The rotary motion proposed in this work might influence the motion of dynein in additional aspects besides regulating the detachment rate of dynein. The crystal structure of human cytoplasmic dynein-2 (22) suggested that there is a coupling between the bent structure of the linker domain and the β state of the stalk. As detailed above, the interhead tension increases the probability of the β state for the trailing head. It might contribute to the conformational change of its linker domain from straight to bent (the prepowerstroke state).

The motility of cytoplasmic dyneins is a multifaceted property. In addition to the interhead coordination, several other factors are important for the motility. For example, dynactin (36) is one of the protein molecules that activate dyneins’ processivity in the cellular transport. A recent experiment from Carter and coworkers (37) pointed out that dynactin influences dynein stepping by reorienting the motor domains to interact correctly with MT. This new development provides an essential insight into our next theoretical studies of dynein motor proteins that will involve dynactin as well as cargo adaptor proteins (38).

Methods

We used the C_α-only SBM (39) to represent a single head of a cytoplasmic dynein bound to an MT fragment of 16-nm length. The Hamiltonian of the system follows a previous developed self-organized polymer model (27, 29) with several modifications. The details of the Hamiltonian can be found in SI Appendix. The model was created by using the web server SMOG (40). A force of 2 pN was exerted on the N terminus of the AAA ring to mimic an interhead tension. For the trailing head, the exerted force pointed to the minus end of the MT. For the leading head, the exerted force pointed to the plus end.

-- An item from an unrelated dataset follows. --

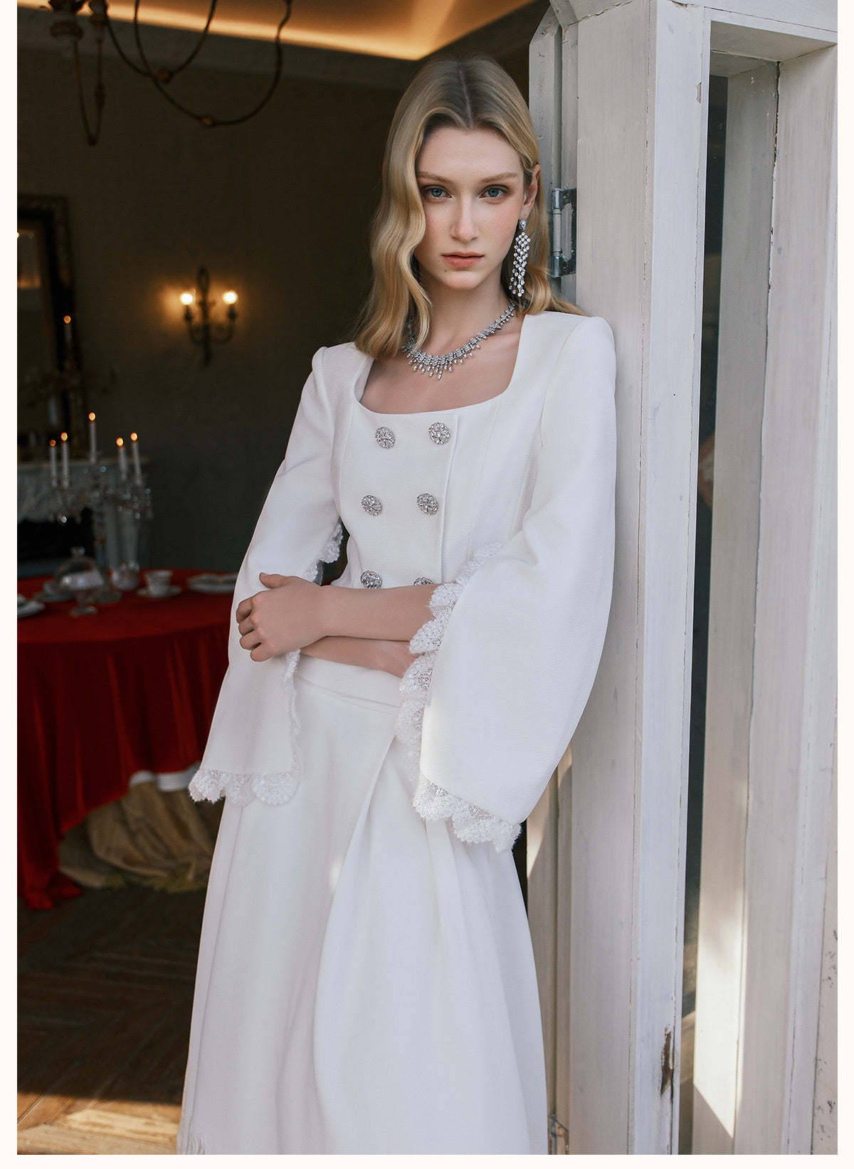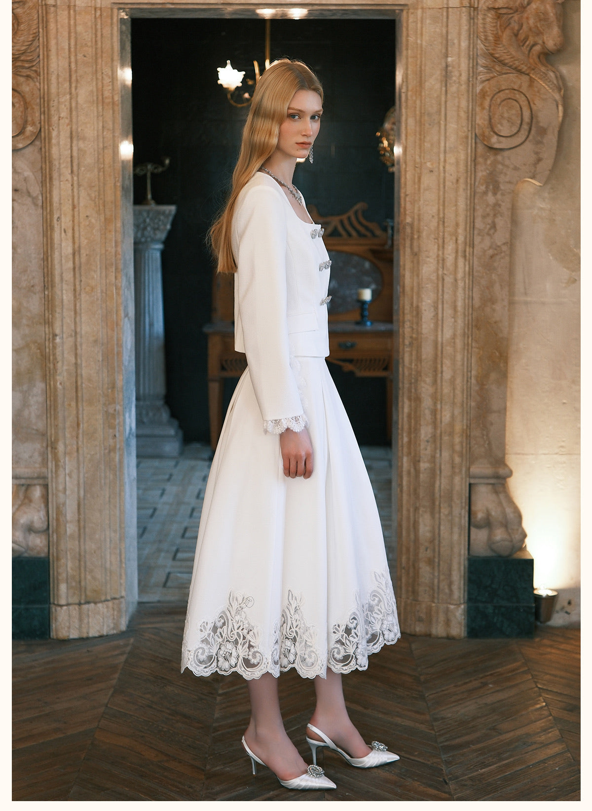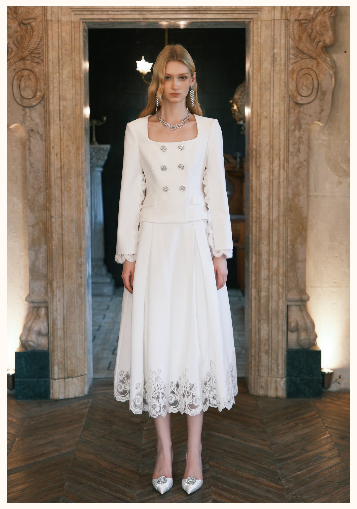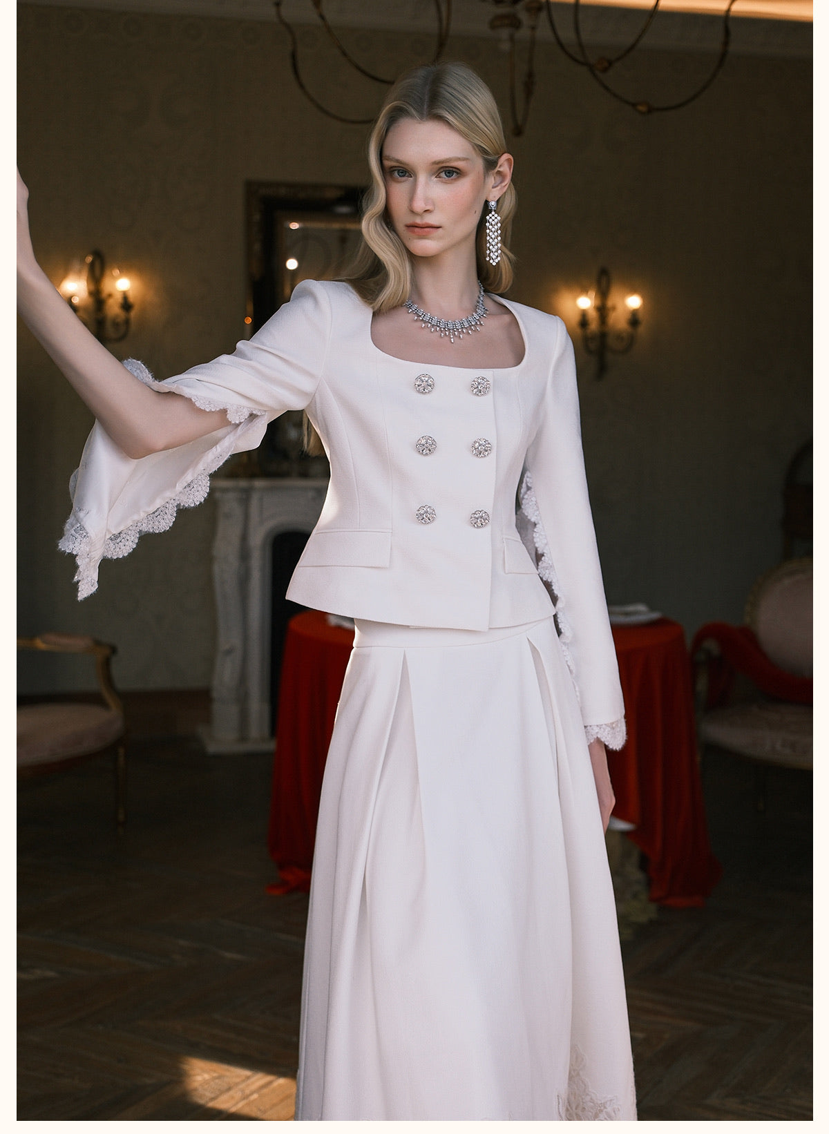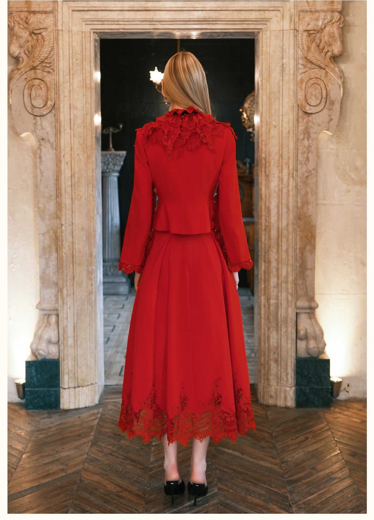 SHEERLUCK Black Mirage Vintage Stand Collar Lace & Diamond-embellished Jacket & Skirt

We used the Langevin equations of motion for the coarse-grained molecular simulations. An in-house version of Gromacs 4.5 was developed (40, 41), where the nonbonded interactions was represented by a Gaussian formula (42). The Langevin equations of motion were integrated in the low friction limit with a damping coefficient of 1.0 ${{\tau }_{\mathit{L}}}^{-1}$ (43). The integration time step is ${10}^{-3}{\tau }_L$, where ${\tau }_L={\left(m{\sigma }^2/\epsilon \right)}^{0.5}$. m is the mass of a C_α bead. ε is the solvent-mediated interaction. σ is the van der Waals radius of a C_α bead. For each condition, 250 unbiased kinetic simulations were performed. Each simulation last 10⁷ steps, which guaranteed a successful transition from the α to the β state. Data from all trajectories were collected and analyzed. Observables (Figs. 2A, 3, and 4) were expressed as $G=-k_{B}TlnP$, while $P$ was the probability collected from in the raw data. G is named the “kinetic probability distribution,” a quantity used in previous work (44, 45).